L'autre jour, lors d'une nième table ronde sur la traduction, le modérateur — disons plutôt le provocateur — a posé d'entrée aux quatre traducteurs qui l'entouraient la question suivante : en quoi vous sentez-vous différent d'un ordinateur ?
Derrière cette question s'en profilait une autre : pensez-vous qu'un jour l'ordinateur traduira les textes littéraires mieux que l'être humain ?
Bien sûr que non ! La traduction littéraire est une activité d'une complexité extrême, qui ne fait pas seulement appel au raisonnement, mais à la sensibilité, à l'intuition, au sentiment, à toutes sortes d'impondérables inaccessibles à une machine etc. etc. Voilà la réponse toute faite, banale à force d'évidence, qui m'est aussitôt venue à l'esprit.
Mais j'ai un défaut : je ne peux pas accueillir une idée sans que l'idée contraire ne se faufile en moi. J'ai entendu alors ce mauvais esprit ricaner à mon oreille : Réfléchis un peu ! Si l'on t'avait raconté, il y a quarante ans, les prouesses actuelles de l'ordinateur, du smartphone et d'Internet, n'aurais-tu pas doucement rigolé ? Et te souviens-tu des premières parties d'échecs entre un humain et une machine, qui s'est faite battre à plate couture ? Sais-tu qu'à présent elle ridiculise les plus grands champions ?

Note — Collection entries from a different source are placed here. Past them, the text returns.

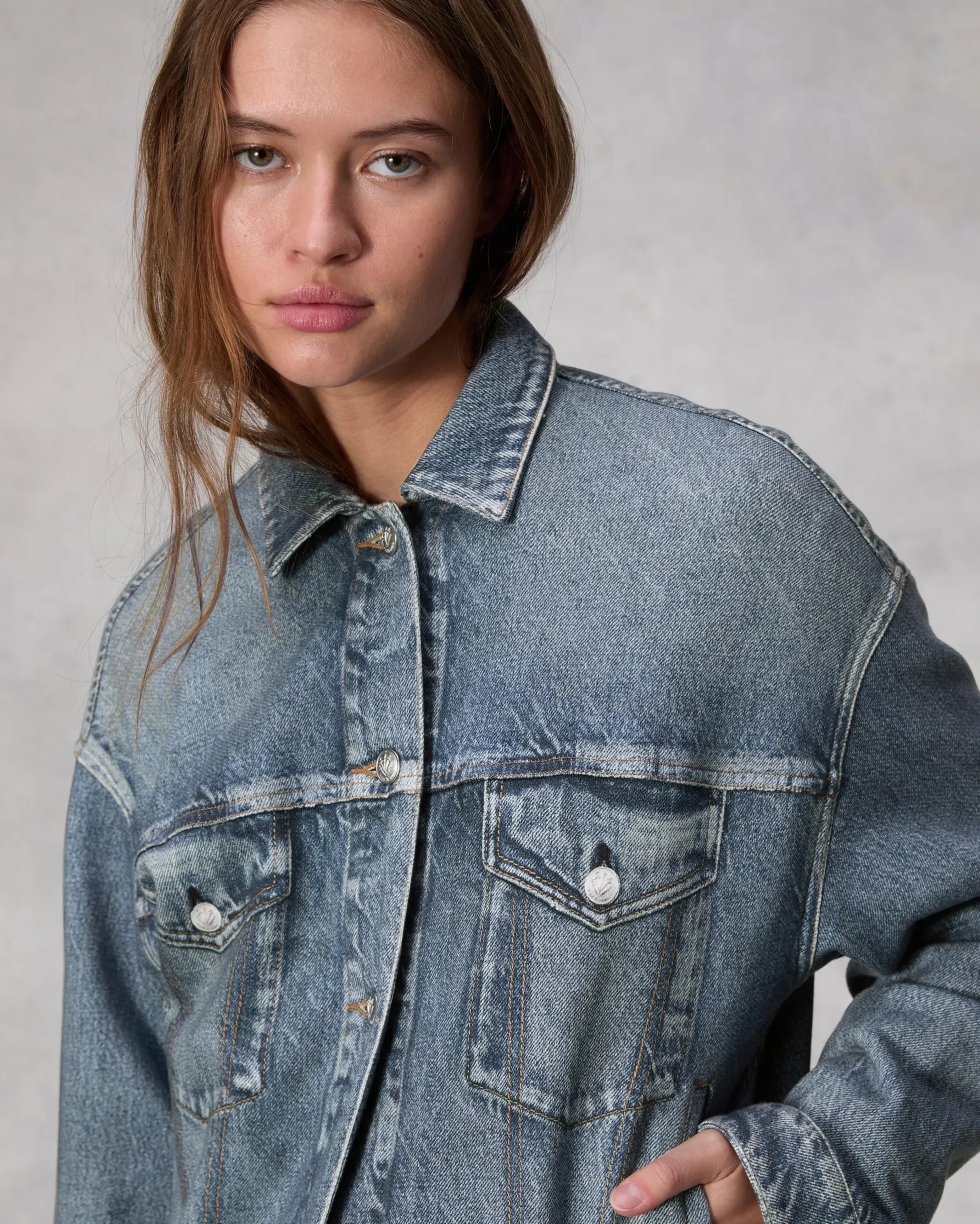 Miramar, our revolutionary printing technique, makes any material look like denim. This trucker jacket is individually cut and sewn from cotton terry cloth that’s ultra-soft on the inside and printed on the outside to look like your favorite denim jacket. Featuring side hip pockets and signature dagger buttons down the front and cuffs, the classic style further achieves its comfortable fit and feel with the other pockets and denim details digitally printed on the fabric.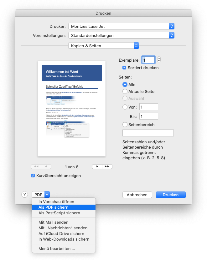 Anschliessend klickt man unten links im Drucken-Dialogfenster auf den Knopf “PDF” und wählt anschliessend “Als PDF sichern”: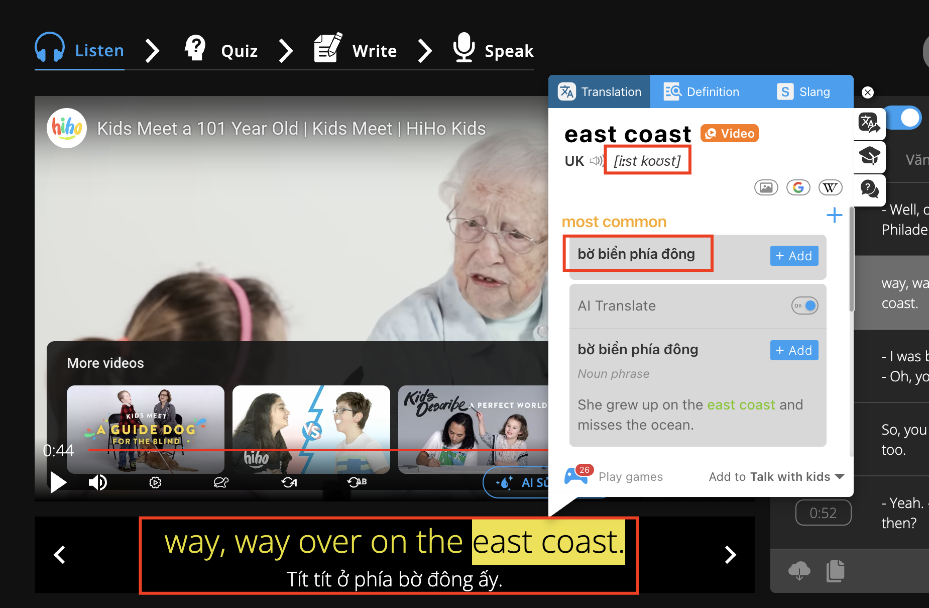Nhiệm vụ của bạn là nghe đi nghe lại đến khi hiểu nội dung video. Ở những lần đầu xem video, bạn có thể cần phụ đề song ngữ và tra từ mới để hiểu video nhanh hơn.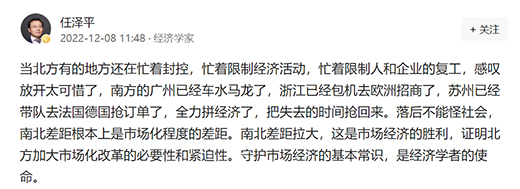 “當(dāng)北方有的地方還在忙著封控,忙著限制經(jīng)濟(jì)活動(dòng),忙著限制人和企業(yè)的復(fù)工,感嘆放開(kāi)太可惜了,南方的廣州已經(jīng)車水馬龍了,浙江已經(jīng)包機(jī)去歐洲招商了,蘇州已經(jīng)帶隊(duì)去法國(guó)德國(guó)搶訂單了,全力拼經(jīng)濟(jì)了,把失去的時(shí)間搶回來(lái)。落后不能怪社會(huì),南北差距根本上是市場(chǎng)化程度的差距。南北差距拉大,這是市場(chǎng)經(jīng)濟(jì)的勝利,證明北方加大市場(chǎng)化改革的必要性和緊迫性。守護(hù)市場(chǎng)經(jīng)濟(jì)的基本常識(shí),是經(jīng)濟(jì)學(xué)者的使命?!币陨鲜墙?jīng)濟(jì)學(xué)家任澤平發(fā)在今日頭條的一段話,這段話有深意?!畵層唵巍@個(gè)詞現(xiàn)在也在網(wǎng)絡(luò)上出圈了,為什么出現(xiàn)這個(gè)情況,國(guó)創(chuàng)聯(lián)行為您解讀,我們了解一下近期動(dòng)態(tài)。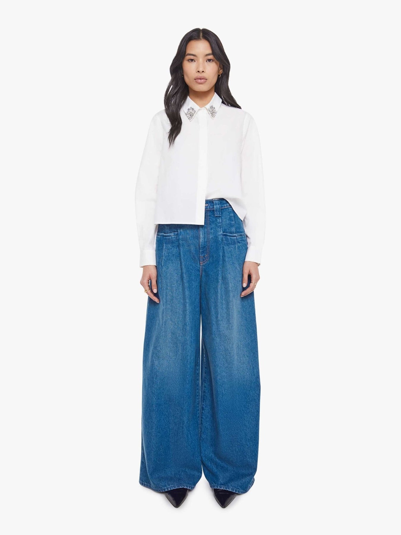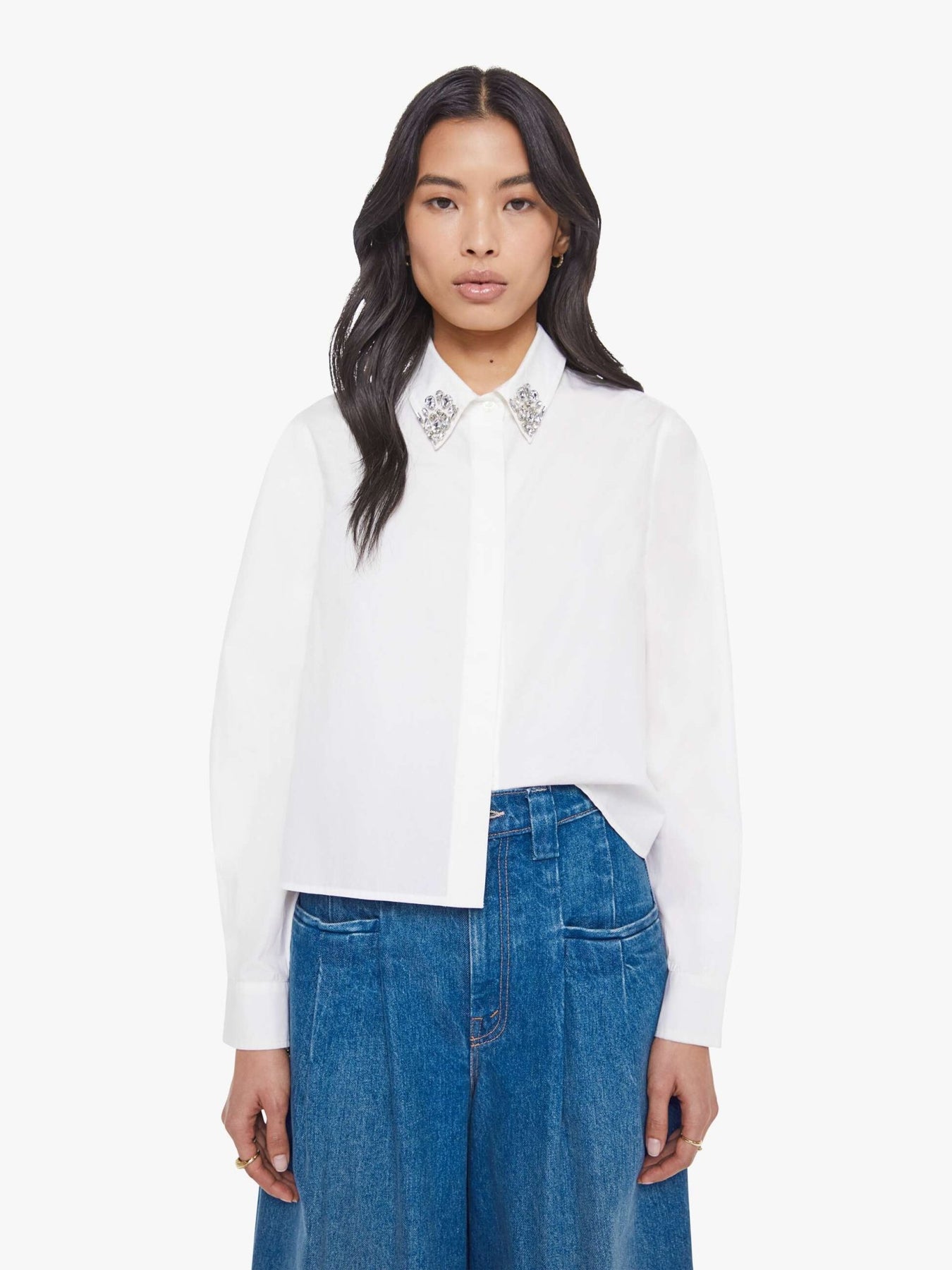 A twist on the classic button-up with long sleeves, a hidden button panel and a cropped fit. The Honor is made from 100% cotton in white with an embellished collar.

J'ai donc pris la parole pour dire que oui, sans doute, l'ordinateur nous dépasserait un jour. Que les échecs, évidemment, sont une activité mathématique, bien moins complexe qu'une traduction littéraire, mais qu'entre le raisonnement mathématique et un sentiment il y a une différence de degré, non de nature. Que les plus fines nuances de couleurs, par exemple, sont le résultat de savants mélanges de couleurs simples. Que l'homme, enfin, a toujours été pris au dépourvu par l'avenir. Alors pourquoi pas des machines à traduire la littérature, dans deux-cents ans, ou cent ans ?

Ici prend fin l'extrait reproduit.